Former sultanate in Indonesia

The Sultanate of Kutai, officially Sultanate of Kutai Kartanegara ing Martadipura, was a kingdom in the eastern part of Borneo, which originated from the Hindu Kingdom of Martapura founded in 1300 at Kutai Lama. It later transformed into an Islamic kingdom in 1575, and continued until its political and administrative authority effectively ended in 1960.

The early royal court was located at Jaitan Layar and later moved to Tepian Batu. In 1732, the capital was transferred to Jembayan, and in 1782 moved again to Tenggarong.

For reasons of stability and defense, the royal center shifted to Pemarangan, and finally to Tepian Pandan. In 1635, the Kingdom of Kutai Kartanegara defeated the Kingdom of Kutai Martapura. Following this victory, Kutai Kartanegara annexed Martapura and changed its name to the Kingdom of Kutai Kartanegara ing Martapura.

After the integration of the Kutai Sultanate into Indonesia and the dissolution of the Special Region of Kutai in 1960, the sultanate was symbolically revived in 1999 by the government of Kutai Kartanegara Regency as part of cultural preservation efforts. This revival was marked by the enthronement of Crown Prince Aji Pangeran Prabu Anum Surya Adiningrat as the 20th Sultan of Kutai Kartanegara ing Martadipura with the title Sultan Aji Muhammad Salehuddin II on 22 September 2001.

==History==
===Early establishment===
The Kingdom of Kutai Kartanegara was founded in the 14th century in the area of Kutai Lama, at the mouth of the Mahakam River. The first ruler was Aji Batara Agung Dewa Sakti (r. 1300–1325). According to oral traditions, he was believed to possess supernatural powers that enabled him to gain legitimacy among the coastal communities.

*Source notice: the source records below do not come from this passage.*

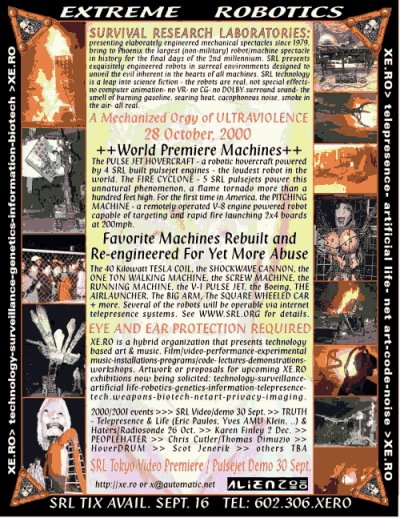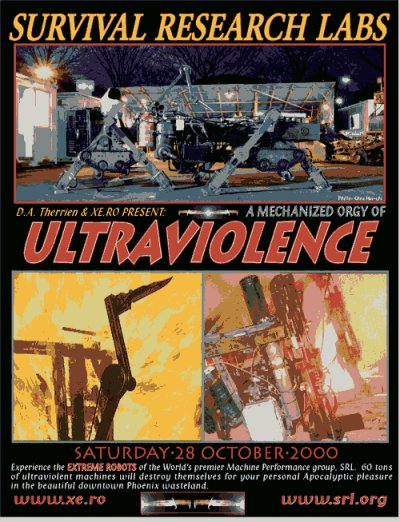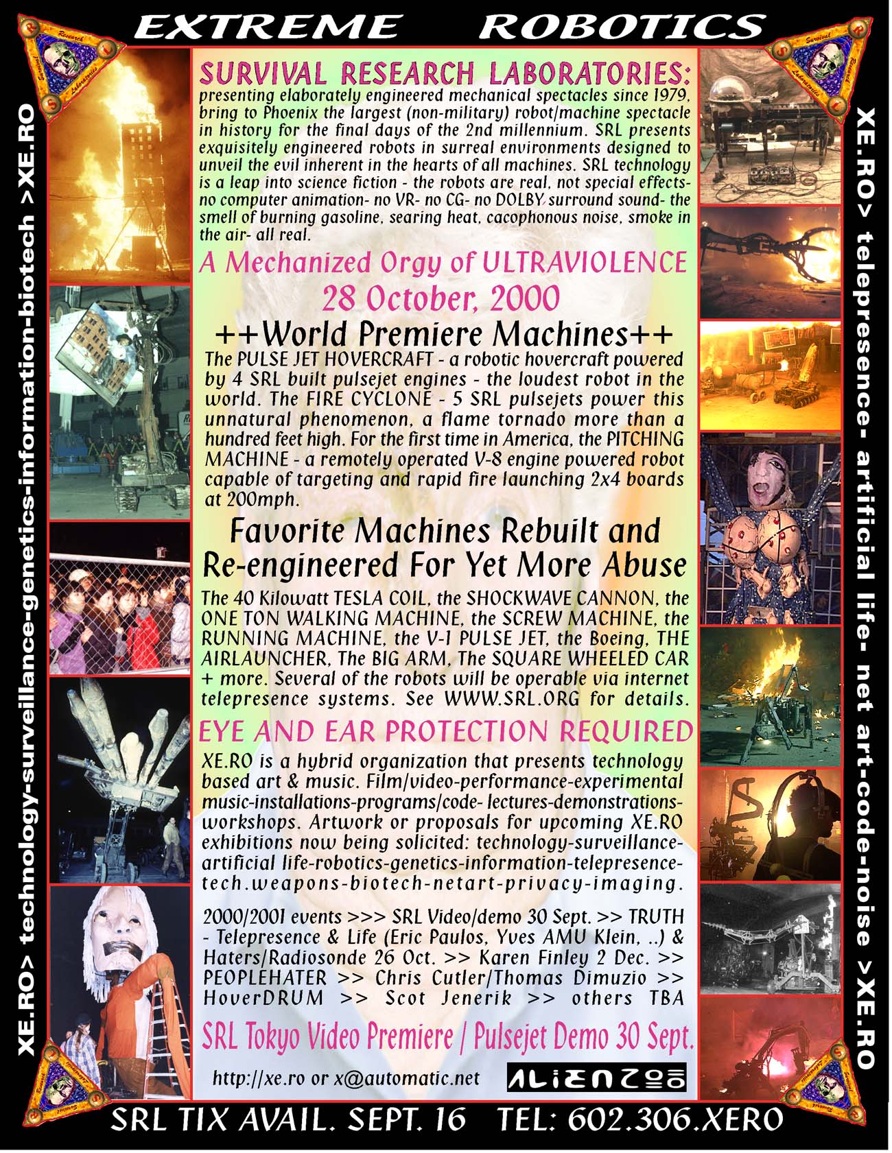 SURVIVAL RESEARCH LABORATORIES:presenting elaborately engineered mechanical spectacles since 1979, bring to Phoenix the largest (non-military) robot/machine spectacle in history for the final days of the 2nd millennium. SRL presents exquisitely engineered robots in surreal environments designed to unveil the evil inherent in the hearts of all machines. SRL technology is a leap into science fiction - the robots are real, not special effects-no computer animation- no VR- no CG- no DOLBY surround sound- the smell of burning gasoline, searing heat, cacophonous noise, smoke in the air- all real.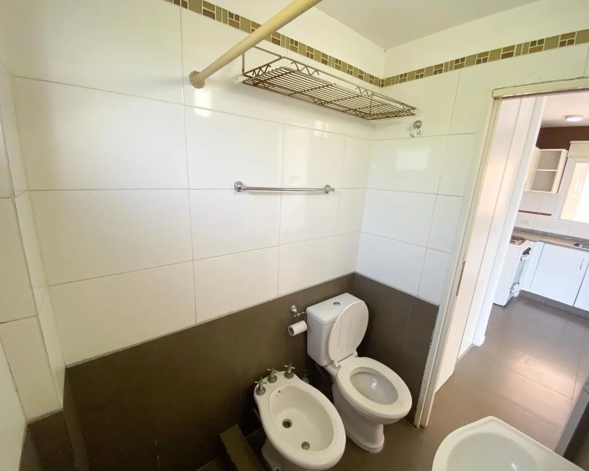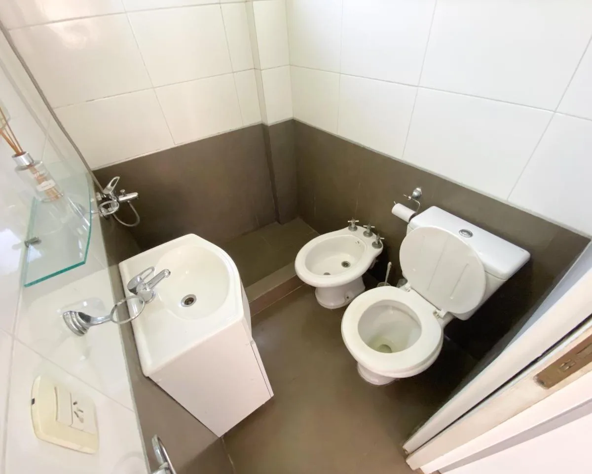 Kitnet de 1 ambiente com 5,64 x 4,57 m em Lanús Centro, no 6º andar, de frente para o leste. Cozinha com revestimento cerâmico, fogão, armário superior e sob a bancada de melamina, bancada de granito, cuba dupla, aquecedor de água elétrico de 80 litros e janela com cortina roller black-out, além de bancada para café e prateleira de madeira; inclui armário embutido. Banheiro com vaso sanitário, bidê, gabinete (vanitory), espelho, box com ducha e acessório organizador. Há um vão envidraçado grande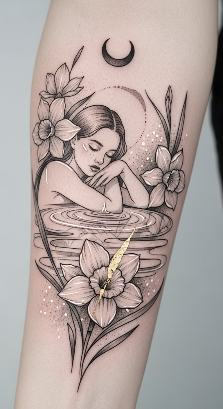 This tattoo concept blends elegance and caution: the Narcissus symbolizes alluring beauty and the reflective pool represents self-focus and introspection, while the broken mirror shard hints at fragmentation of identity.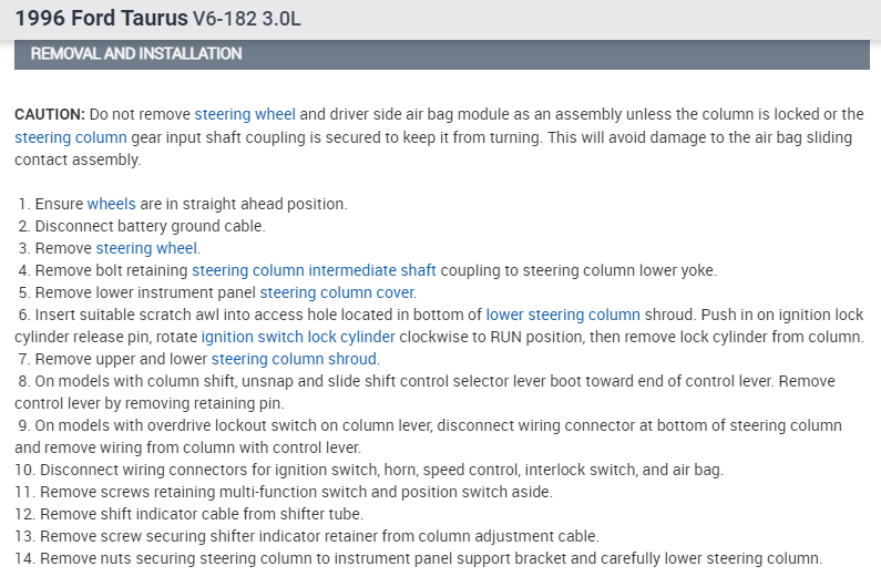 I have attached all the available information on the steering column replacement and disassembly and re assembly.
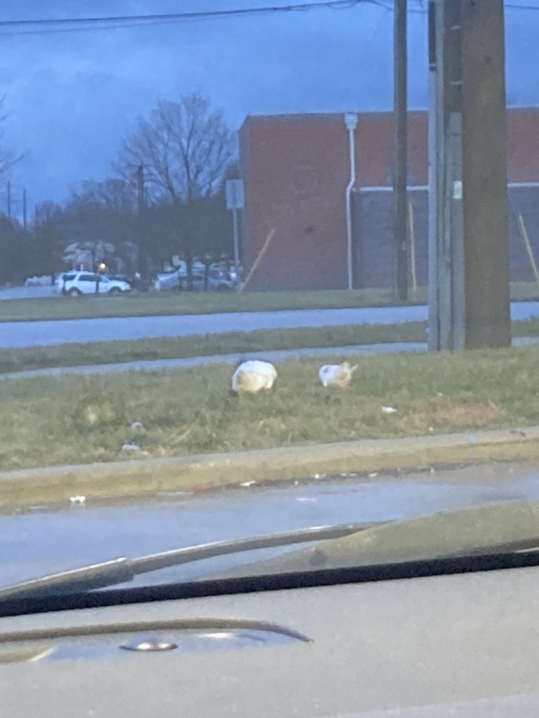 Two white ducks. Assume they are farm ducks since they are all white so someone might be missing them.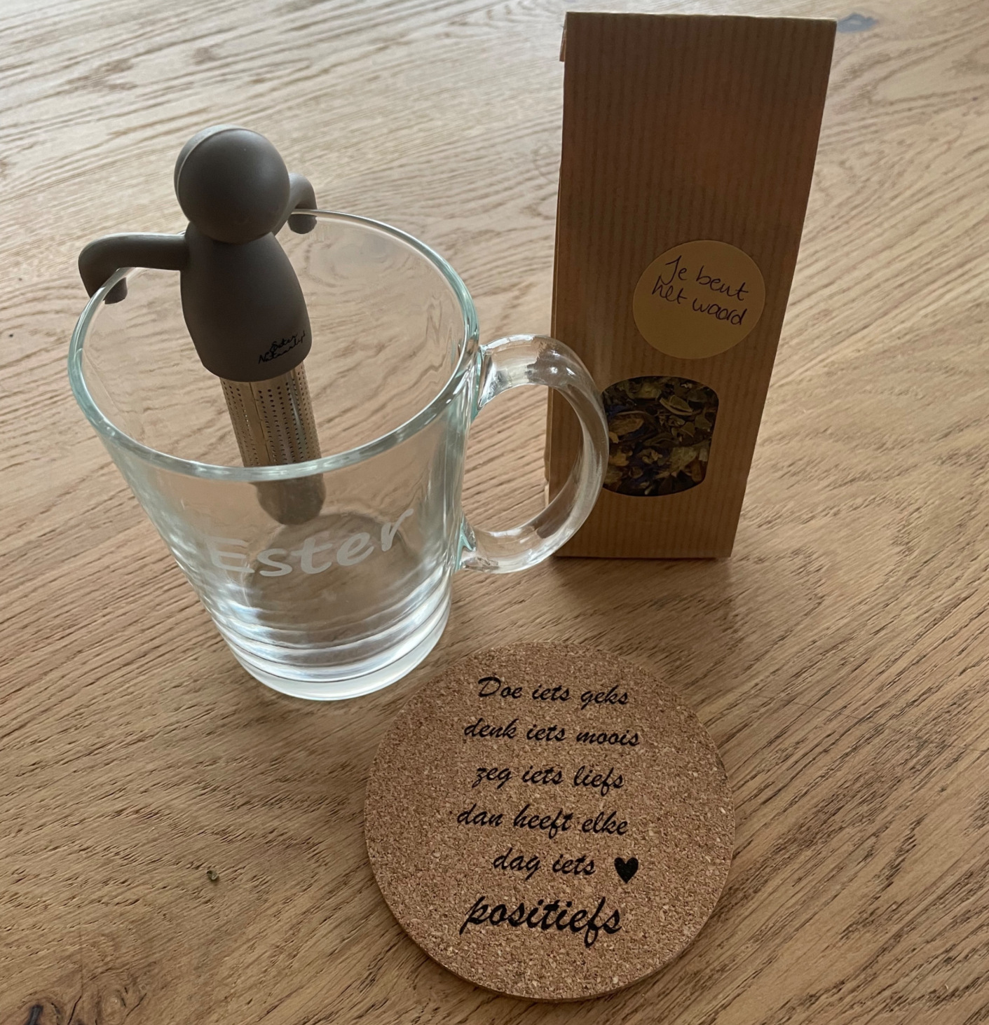 Optioneel: personalisatie in de vorm van een andere soort thee of de tekst of een logo op het glas of de onderzetter.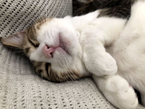 Mein Markenzeichen ist, dass ich beim Streicheln und laufen manchmal wackle… das habe ich seit ich ein kleines Kitten war. Es stört mich jedoch weder beim Spielen noch beim Klettern. Meine Pflegemama ruft mich manchmal mit «Gwackli» an, was ganz passend ist und so komme ich dann manchmal auch auf diesen Übernamen hin angetänzelt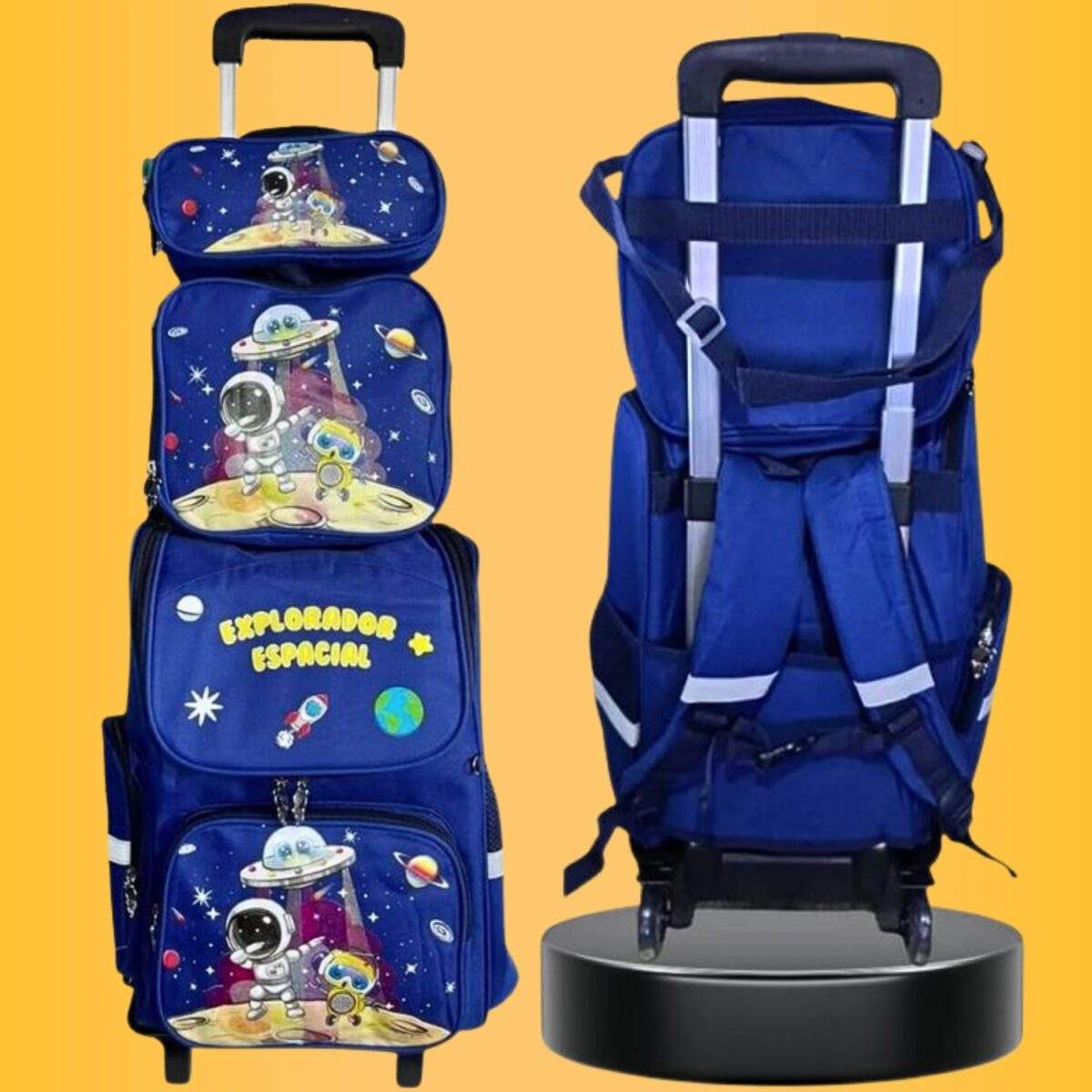 🔸 Incluye: 1 mochila, 1 lonchera térmica, 1 cartuchera y 1 carrito desmontable.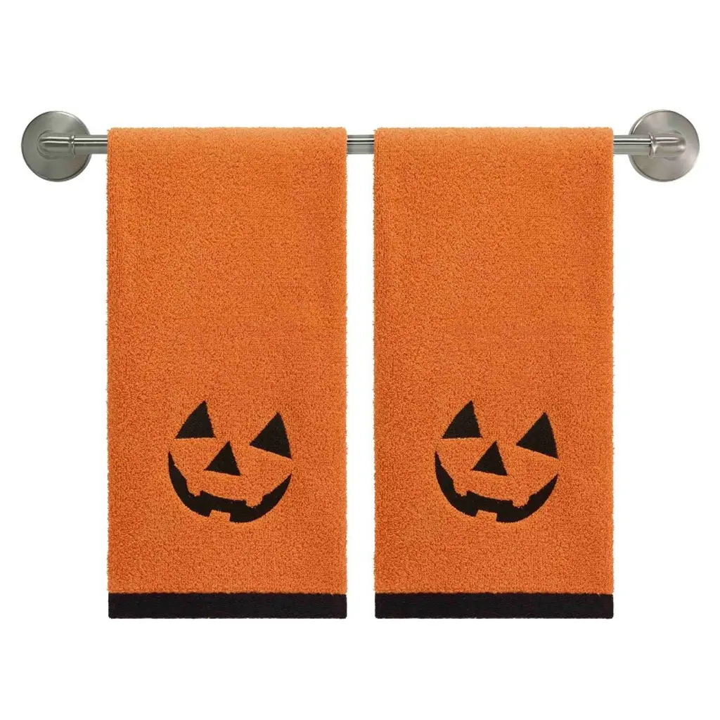 The Avanti Jack-O-Lantern Halloween 2-Pack Embroidered Decorative Hand Towel Set features the eyes, nose and mouth of a happy jack-o-lantern in black. The orange 100% cotton terry ground is finished with a black polyester border. Set includes two 16" x 26" towels, machine washable.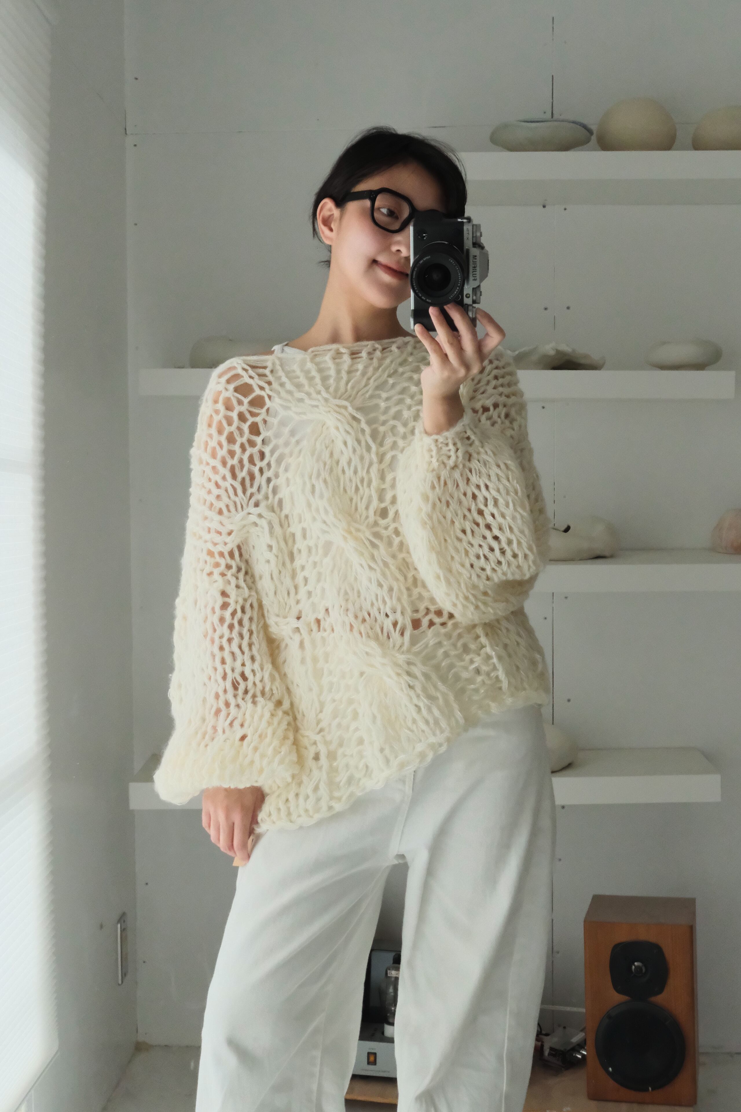 An airy, cosy layer of comfort that hugs your skin — every single piece is uniquely handknitted, using plenty of high quality second hand wool and mohair yarns.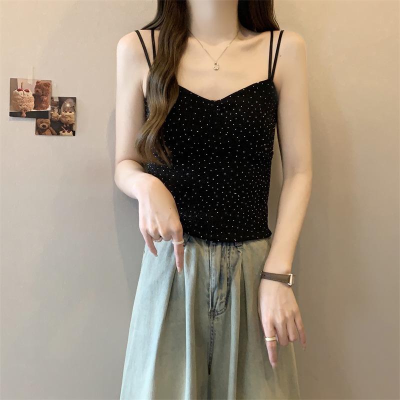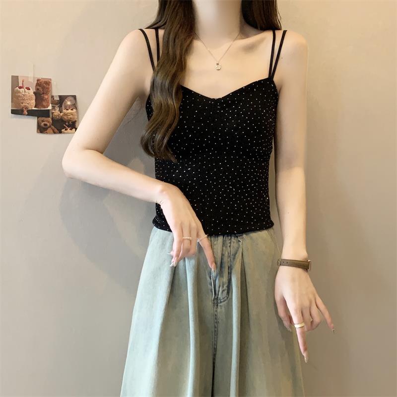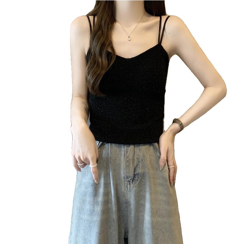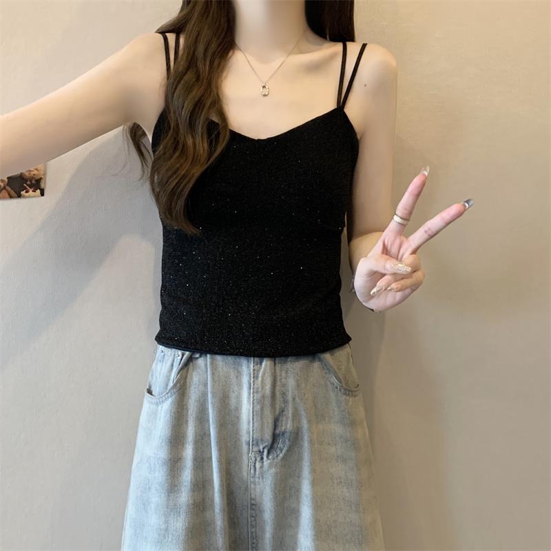 内1012z 胖mm亮闪闪美背打底衫 秋冬金丝绒黑色吊带背心女新款 大码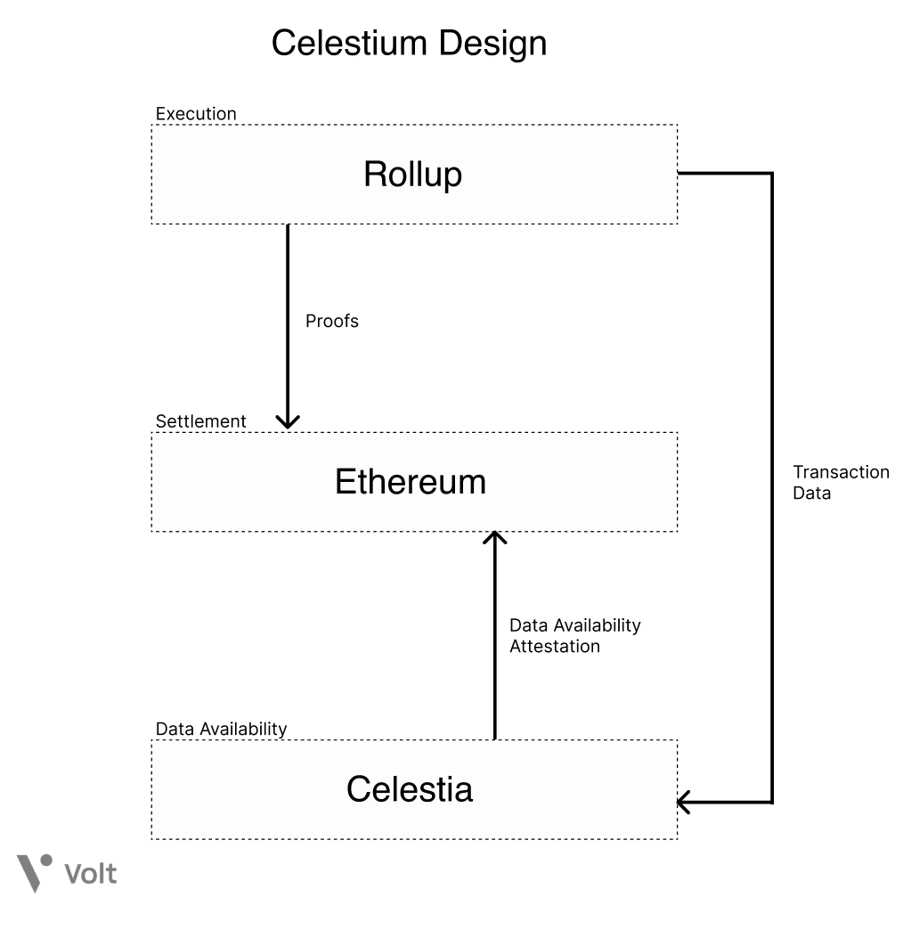 Rollup架构还带来了一种独特的见解,即区块链本身不需要提供执行或计算,而只需要排序区块并保证这些区块的数据可用性的功能。这是Celestia背后的设计原则,这是第一个模块化区块链网络。Celestia以前被称为LazyLedger,一开始是一个“惰性区块链”,将执行和验证留给其他模块化层,只专注于通过数据可用性抽样为交易排序和数据可用性保证提供数据可用性层。中心化的区块生产和去中心化的区块验证器是Celestia设计的核心前提:即使是手机也能作为一个轻客户端参与,确保网络安全。由于数据可用性抽样的特性,将rollup插入到Celestia作为数据可用性层能够支持更高的区块大小(也就是吞吐量),因为Celestia轻节点的数量在增长,同时保持相同的概率保证。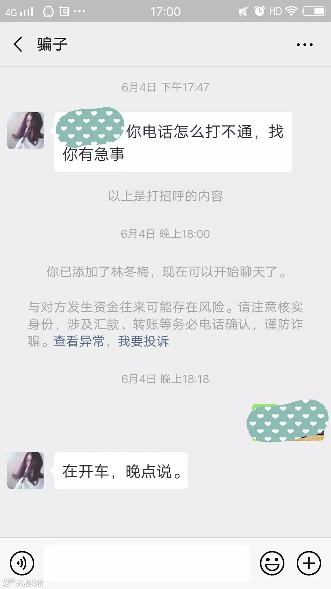 添加好友成功后,对方回复“在开车,晚点说”后,就再没了下文。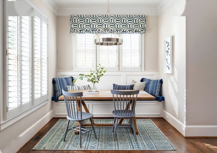 餐桌一侧设卡座增容,处理到位的话,上面坐人下面收纳,这不也挺不错的吗?

During the following centuries, the kingdom expanded its influence over trade routes and inland areas. The rulers adopted titles influenced by Hindu–Javanese culture, reflecting contacts with Majapahit. In the 16th century, Islam began spreading into the region through traders, and in 1575 the kingdom officially converted to Islam under the rule of Aji Raja Mahkota Mulia Alam.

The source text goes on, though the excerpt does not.